Upgrade option: Soak 1/2 ounce dried porcini mushrooms in 1/2 cup boiling water for 10 minutes. Reserve the liquid, and add to stock in place of water; cook porcini with button mushrooms.
2 1/2 cups unsalted vegetable stock (such as Kitchen Basics)
1/2 cup water
1 teaspoon olive oil
1 1/2 cups chopped onion
1 tablespoon minced garlic
1 tablespoon chopped fresh thyme, divided
4 ounces sliced button mushrooms
1 cup uncooked Arborio rice
1/2 cup dry white wine
1 cup frozen green peas, thawed
1/4 cup chopped fresh flat-leaf parsley
2 tablespoons mascarpone or cream cheese
1 teaspoon sherry vinegar
1/2 teaspoon kosher salt
1/2 teaspoon black pepper
2 tablespoons grated vegetarian Parmesan cheese
How to Make It
Bring stock and 1/2 cup water to a simmer in a small saucepan.
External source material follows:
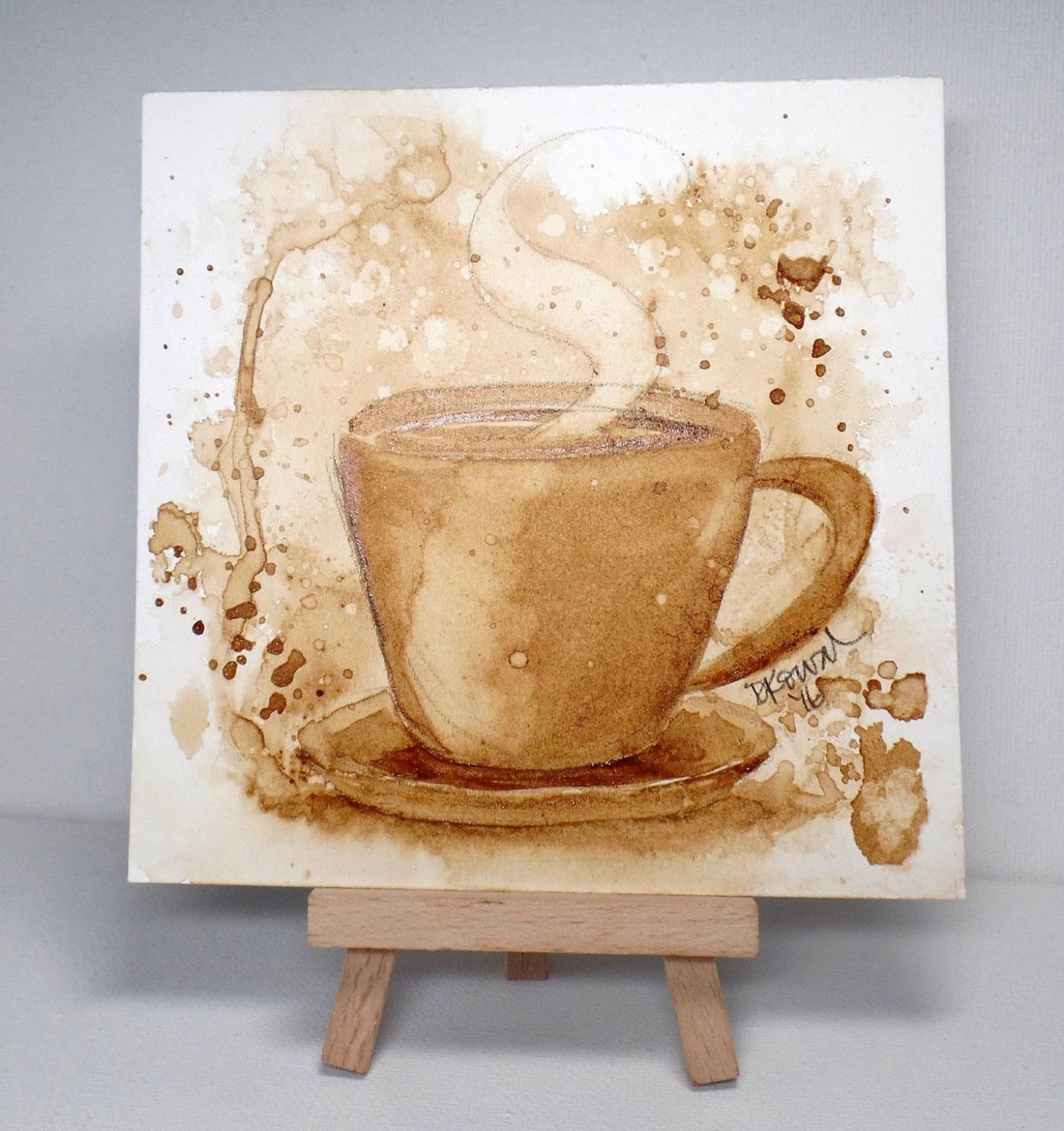 Кофейная живопись. Эта техника интересна тем, что рисунок создаётся с помощью растворимого кофе. Напоминает рисунок акварелью, но с удивительным кофейным ароматом. Именно растворимый кофе позволяет получить насыщенный, почти чёрный тон. И это делает рисунки контрастными, от самых светлых оттенков до глубоких тёмных акцентов. Главное условие - многослойность рисунка.

Reduce heat to low; keep warm.
Heat a medium saucepan over medium-high heat. Add oil to pan; swirl to coat. Add onion; sauté 2 minutes or until tender. Add garlic, 2 teaspoons thyme, and mushrooms; cook 4 minutes. Add rice; cook 1 minute, stirring to coat. Add wine; cook 30 seconds, scraping pan to loosen browned bits. Reduce heat to medium-low. Add 1/2 cup stock mixture to pan; cook 4 minutes or until liquid is nearly absorbed, stirring constantly. Add remaining stock mixture, 1/2 cup at a time, stirring almost constantly until each portion is absorbed before adding the next (about 22 minutes). Remove pan from heat. Stir in peas, parsley, mascarpone cheese, vinegar, salt, and pepper. Sprinkle with remaining 1 teaspoon thyme and Parmesan cheese.